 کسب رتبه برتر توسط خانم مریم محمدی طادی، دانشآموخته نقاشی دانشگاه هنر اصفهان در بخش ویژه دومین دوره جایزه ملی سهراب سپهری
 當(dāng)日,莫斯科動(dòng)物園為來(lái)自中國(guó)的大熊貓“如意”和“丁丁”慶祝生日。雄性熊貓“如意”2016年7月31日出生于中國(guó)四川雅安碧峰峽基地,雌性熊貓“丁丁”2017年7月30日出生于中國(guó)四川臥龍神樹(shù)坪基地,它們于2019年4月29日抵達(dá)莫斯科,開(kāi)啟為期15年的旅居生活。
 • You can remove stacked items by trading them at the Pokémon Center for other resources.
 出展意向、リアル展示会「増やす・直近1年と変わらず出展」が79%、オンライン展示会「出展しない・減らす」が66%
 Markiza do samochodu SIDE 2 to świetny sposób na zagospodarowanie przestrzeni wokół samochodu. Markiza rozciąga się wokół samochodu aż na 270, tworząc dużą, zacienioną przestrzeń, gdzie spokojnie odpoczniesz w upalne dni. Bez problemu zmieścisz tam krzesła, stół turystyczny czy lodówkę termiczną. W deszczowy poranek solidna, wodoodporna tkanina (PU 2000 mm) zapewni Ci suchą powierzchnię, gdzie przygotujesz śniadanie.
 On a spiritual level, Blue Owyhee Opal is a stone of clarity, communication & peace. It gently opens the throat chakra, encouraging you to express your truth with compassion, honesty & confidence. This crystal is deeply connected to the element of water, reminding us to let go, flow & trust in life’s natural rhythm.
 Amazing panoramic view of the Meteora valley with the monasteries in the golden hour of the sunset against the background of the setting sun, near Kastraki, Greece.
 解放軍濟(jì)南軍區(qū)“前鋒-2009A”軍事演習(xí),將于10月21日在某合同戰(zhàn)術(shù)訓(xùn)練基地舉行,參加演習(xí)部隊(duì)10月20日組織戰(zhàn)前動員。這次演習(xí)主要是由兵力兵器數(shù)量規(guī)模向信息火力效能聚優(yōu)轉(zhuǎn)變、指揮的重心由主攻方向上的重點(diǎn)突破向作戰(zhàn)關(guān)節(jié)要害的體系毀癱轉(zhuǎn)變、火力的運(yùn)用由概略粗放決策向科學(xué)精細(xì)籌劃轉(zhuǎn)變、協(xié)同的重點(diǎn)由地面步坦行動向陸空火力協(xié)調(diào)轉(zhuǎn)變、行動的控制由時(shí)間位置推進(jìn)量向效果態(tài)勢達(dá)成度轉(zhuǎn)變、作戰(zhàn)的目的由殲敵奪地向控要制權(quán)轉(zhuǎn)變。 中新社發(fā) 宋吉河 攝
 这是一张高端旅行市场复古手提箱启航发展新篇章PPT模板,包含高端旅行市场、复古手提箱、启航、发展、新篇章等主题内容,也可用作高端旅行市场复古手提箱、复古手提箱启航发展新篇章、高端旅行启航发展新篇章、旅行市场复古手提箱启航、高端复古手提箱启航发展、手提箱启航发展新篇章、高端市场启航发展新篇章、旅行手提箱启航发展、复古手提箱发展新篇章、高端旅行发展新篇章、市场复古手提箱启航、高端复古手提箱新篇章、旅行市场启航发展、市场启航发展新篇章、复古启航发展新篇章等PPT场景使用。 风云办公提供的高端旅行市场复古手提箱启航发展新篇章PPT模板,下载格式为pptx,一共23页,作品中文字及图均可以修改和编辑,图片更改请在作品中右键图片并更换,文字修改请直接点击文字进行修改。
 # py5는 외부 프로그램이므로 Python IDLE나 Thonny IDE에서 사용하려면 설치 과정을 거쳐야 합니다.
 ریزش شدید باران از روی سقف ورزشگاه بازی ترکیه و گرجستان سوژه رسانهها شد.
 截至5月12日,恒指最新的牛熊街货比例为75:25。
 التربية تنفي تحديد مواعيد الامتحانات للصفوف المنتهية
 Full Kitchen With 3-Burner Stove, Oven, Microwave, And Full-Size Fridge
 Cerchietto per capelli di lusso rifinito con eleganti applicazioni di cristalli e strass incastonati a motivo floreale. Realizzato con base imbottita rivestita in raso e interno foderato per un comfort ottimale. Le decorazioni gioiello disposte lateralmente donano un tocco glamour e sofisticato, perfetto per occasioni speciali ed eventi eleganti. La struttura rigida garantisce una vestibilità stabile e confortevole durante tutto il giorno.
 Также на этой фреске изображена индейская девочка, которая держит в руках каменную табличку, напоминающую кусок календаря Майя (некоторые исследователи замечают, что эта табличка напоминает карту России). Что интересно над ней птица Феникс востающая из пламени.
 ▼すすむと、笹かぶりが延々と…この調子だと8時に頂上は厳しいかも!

════════════════════

WORK ORDER.
In the answer, give the lines from the first line of the data through the line with "Amazing panoramic view", exactly as they appear and with no additions.

OUTPUT BELOW.
 کسب رتبه برتر توسط خانم مریم محمدی طادی، دانشآموخته نقاشی دانشگاه هنر اصفهان در بخش ویژه دومین دوره جایزه ملی سهراب سپهری
 當(dāng)日,莫斯科動(dòng)物園為來(lái)自中國(guó)的大熊貓“如意”和“丁丁”慶祝生日。雄性熊貓“如意”2016年7月31日出生于中國(guó)四川雅安碧峰峽基地,雌性熊貓“丁丁”2017年7月30日出生于中國(guó)四川臥龍神樹(shù)坪基地,它們于2019年4月29日抵達(dá)莫斯科,開(kāi)啟為期15年的旅居生活。
 • You can remove stacked items by trading them at the Pokémon Center for other resources.
 出展意向、リアル展示会「増やす・直近1年と変わらず出展」が79%、オンライン展示会「出展しない・減らす」が66%
 Markiza do samochodu SIDE 2 to świetny sposób na zagospodarowanie przestrzeni wokół samochodu. Markiza rozciąga się wokół samochodu aż na 270, tworząc dużą, zacienioną przestrzeń, gdzie spokojnie odpoczniesz w upalne dni. Bez problemu zmieścisz tam krzesła, stół turystyczny czy lodówkę termiczną. W deszczowy poranek solidna, wodoodporna tkanina (PU 2000 mm) zapewni Ci suchą powierzchnię, gdzie przygotujesz śniadanie.
 On a spiritual level, Blue Owyhee Opal is a stone of clarity, communication & peace. It gently opens the throat chakra, encouraging you to express your truth with compassion, honesty & confidence. This crystal is deeply connected to the element of water, reminding us to let go, flow & trust in life’s natural rhythm.
 Amazing panoramic view of the Meteora valley with the monasteries in the golden hour of the sunset against the background of the setting sun, near Kastraki, Greece.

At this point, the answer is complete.